DATA IN THIS EXERCISE >>
####
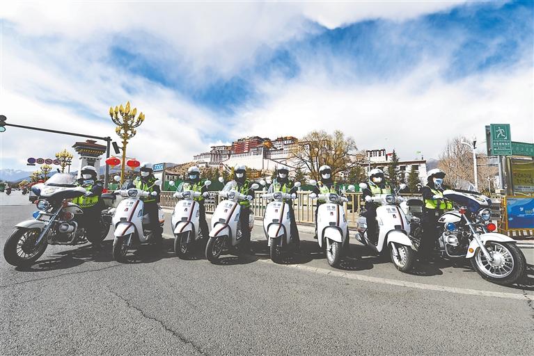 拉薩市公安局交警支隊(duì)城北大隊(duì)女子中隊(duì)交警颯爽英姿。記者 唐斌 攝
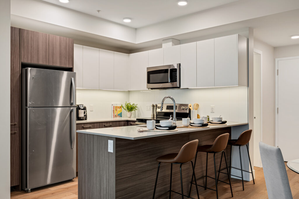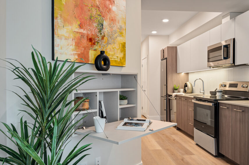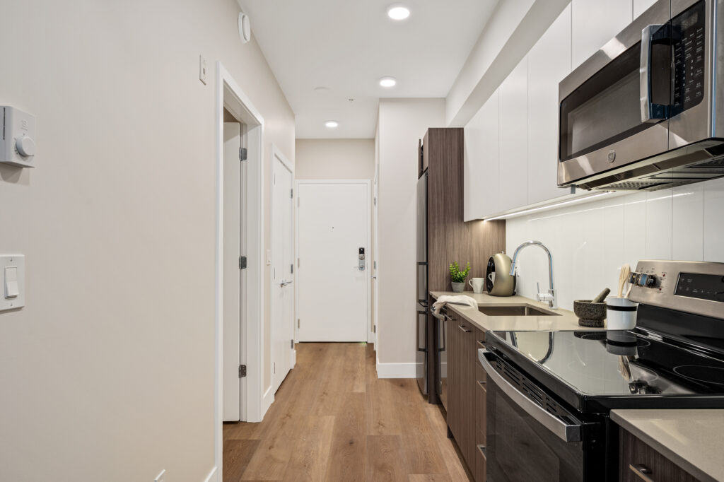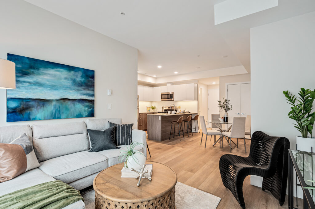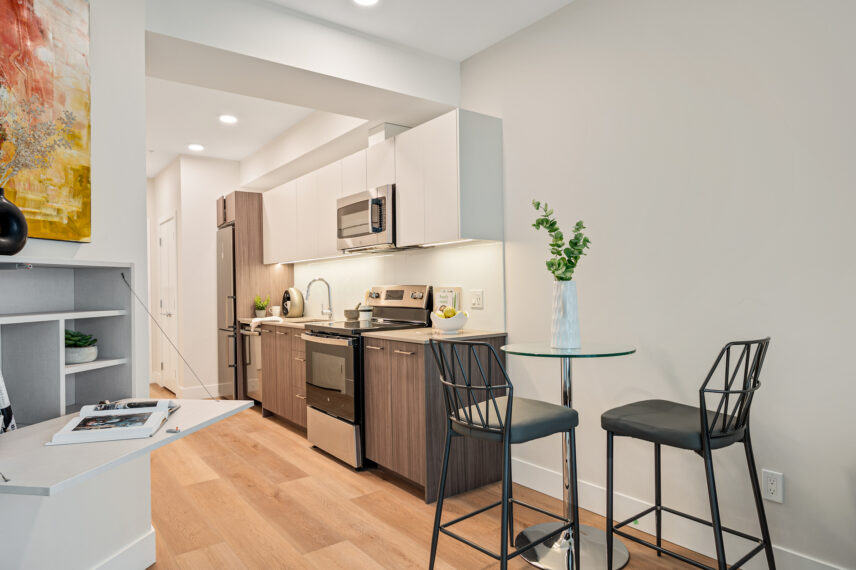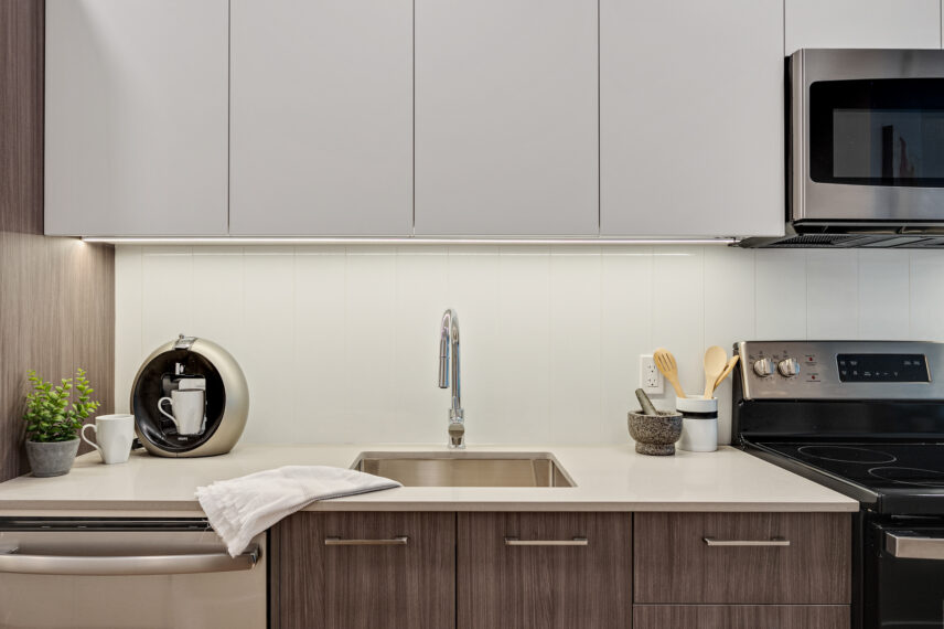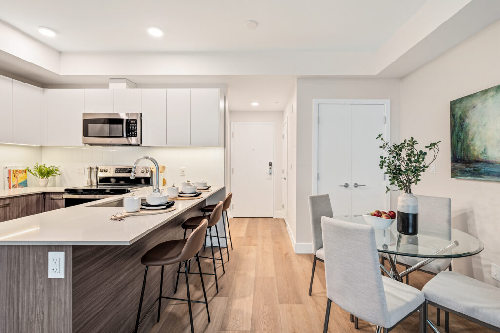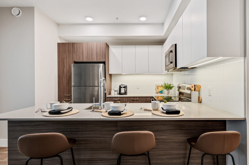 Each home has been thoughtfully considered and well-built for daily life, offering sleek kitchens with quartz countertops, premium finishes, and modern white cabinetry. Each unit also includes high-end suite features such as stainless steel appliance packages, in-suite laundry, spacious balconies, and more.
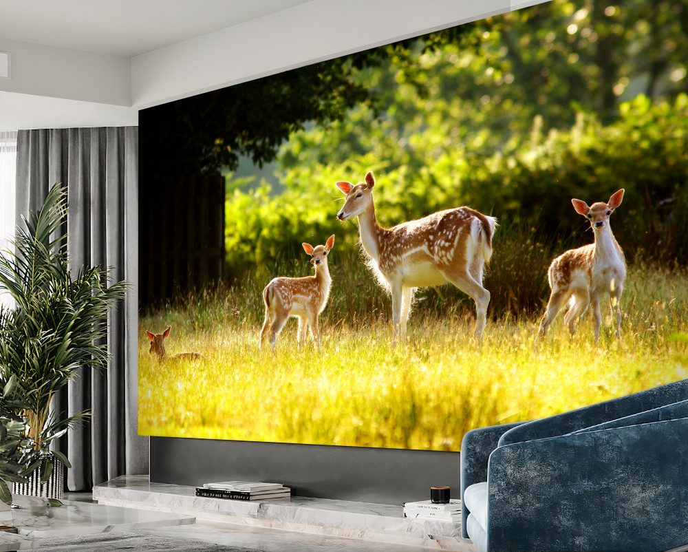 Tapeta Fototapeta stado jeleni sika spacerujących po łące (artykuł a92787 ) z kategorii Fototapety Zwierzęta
####
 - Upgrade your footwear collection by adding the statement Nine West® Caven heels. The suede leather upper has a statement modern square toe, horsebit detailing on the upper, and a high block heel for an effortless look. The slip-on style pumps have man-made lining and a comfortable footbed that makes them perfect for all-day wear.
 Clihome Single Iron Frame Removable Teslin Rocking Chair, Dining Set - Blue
####
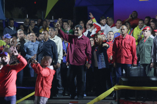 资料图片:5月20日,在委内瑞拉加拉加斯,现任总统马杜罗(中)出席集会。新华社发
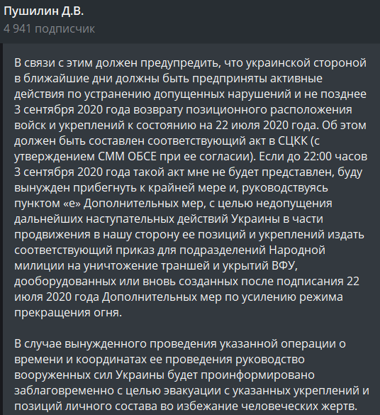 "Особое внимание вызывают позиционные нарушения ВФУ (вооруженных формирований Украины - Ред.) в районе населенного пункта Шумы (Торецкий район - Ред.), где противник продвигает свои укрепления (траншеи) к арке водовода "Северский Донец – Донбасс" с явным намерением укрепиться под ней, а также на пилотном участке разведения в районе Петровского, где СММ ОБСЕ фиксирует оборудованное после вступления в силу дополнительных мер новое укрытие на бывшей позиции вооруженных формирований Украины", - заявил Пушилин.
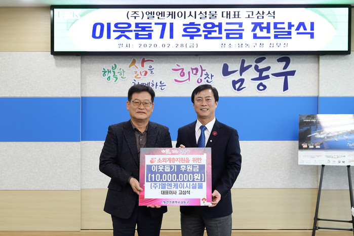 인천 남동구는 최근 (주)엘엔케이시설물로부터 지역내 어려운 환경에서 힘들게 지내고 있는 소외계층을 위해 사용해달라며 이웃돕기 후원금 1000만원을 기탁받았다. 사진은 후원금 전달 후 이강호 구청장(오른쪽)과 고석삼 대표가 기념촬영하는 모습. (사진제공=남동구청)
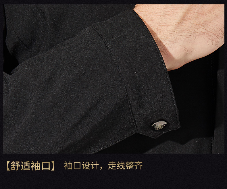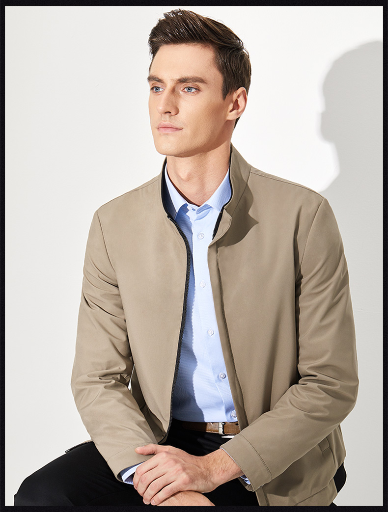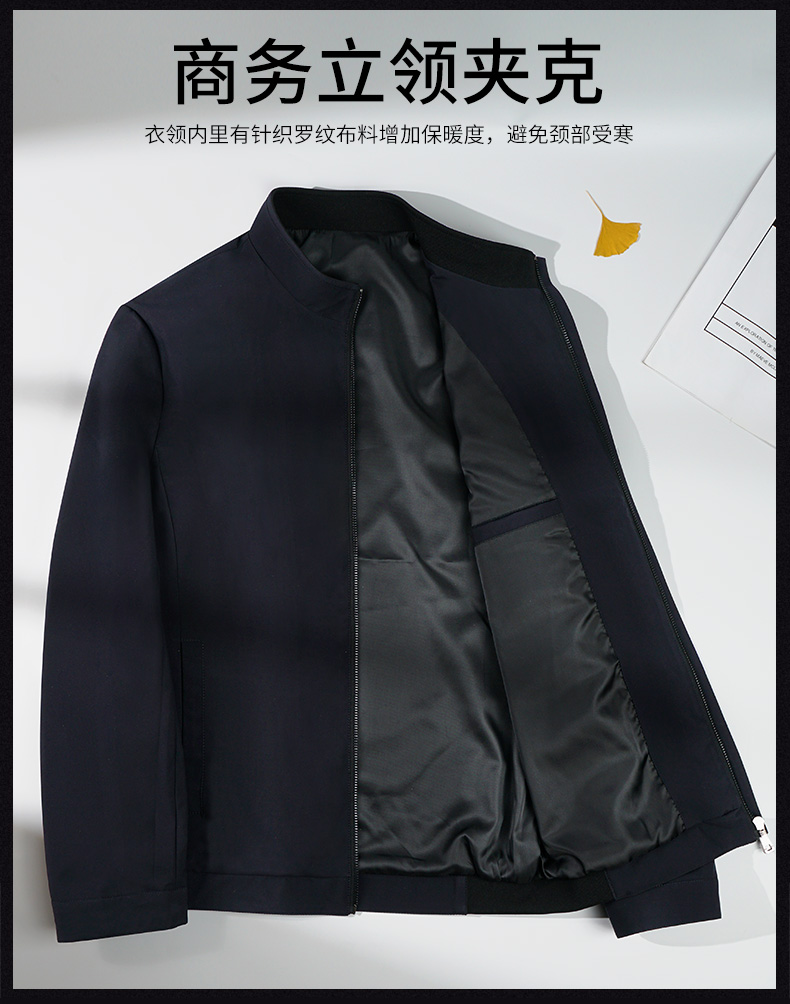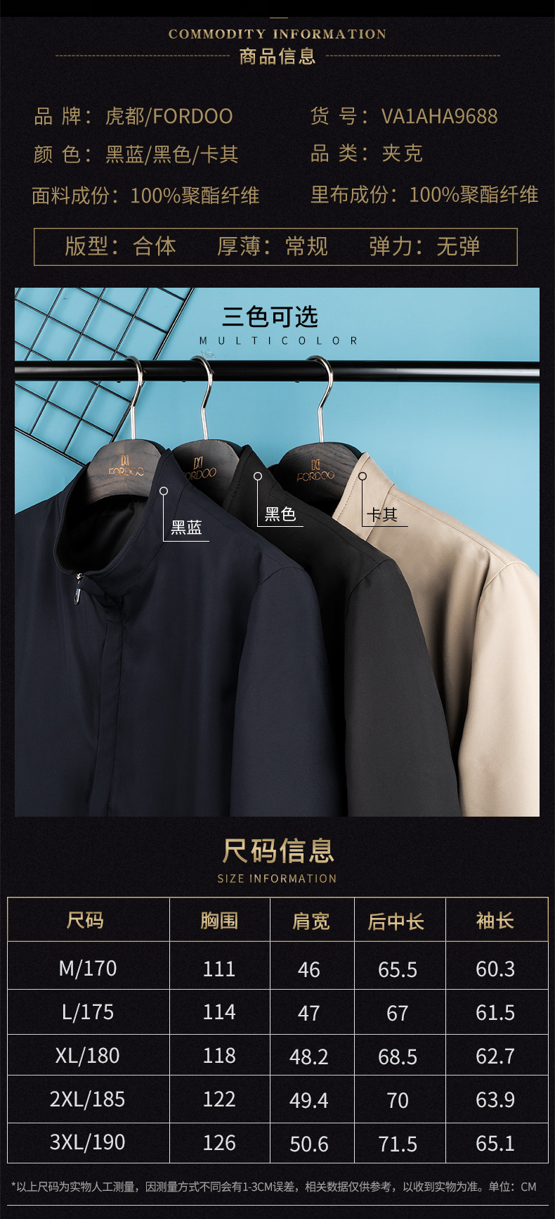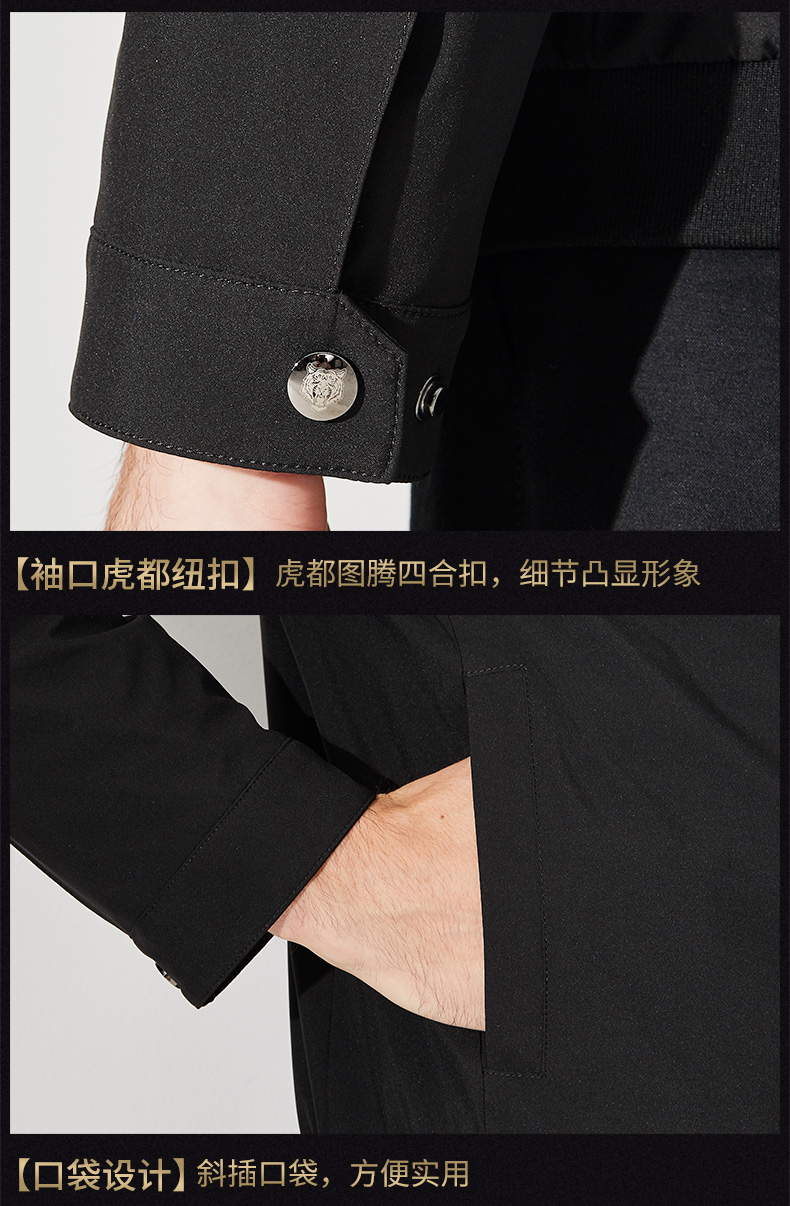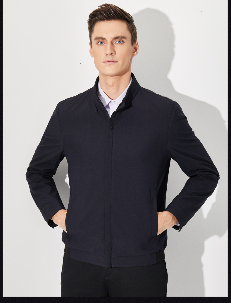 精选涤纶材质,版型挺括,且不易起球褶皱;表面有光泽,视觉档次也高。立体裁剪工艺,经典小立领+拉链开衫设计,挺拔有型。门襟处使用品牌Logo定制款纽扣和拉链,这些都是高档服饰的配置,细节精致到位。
####
EXERCISE PROMPT >>
Would you give again, exactly, the lines in the data above that run from the line containing "拉薩市公安局交警支隊(duì)城北大隊(duì)女子中隊(duì)交警颯爽英姿。記者 唐斌 攝" to the line containing "Tapeta Fototapeta stado"? Include both ends and no pictures.

ANSWER FOR THIS EXERCISE >>
 拉薩市公安局交警支隊(duì)城北大隊(duì)女子中隊(duì)交警颯爽英姿。記者 唐斌 攝
 Each home has been thoughtfully considered and well-built for daily life, offering sleek kitchens with quartz countertops, premium finishes, and modern white cabinetry. Each unit also includes high-end suite features such as stainless steel appliance packages, in-suite laundry, spacious balconies, and more.
 Tapeta Fototapeta stado jeleni sika spacerujących po łące (artykuł a92787 ) z kategorii Fototapety Zwierzęta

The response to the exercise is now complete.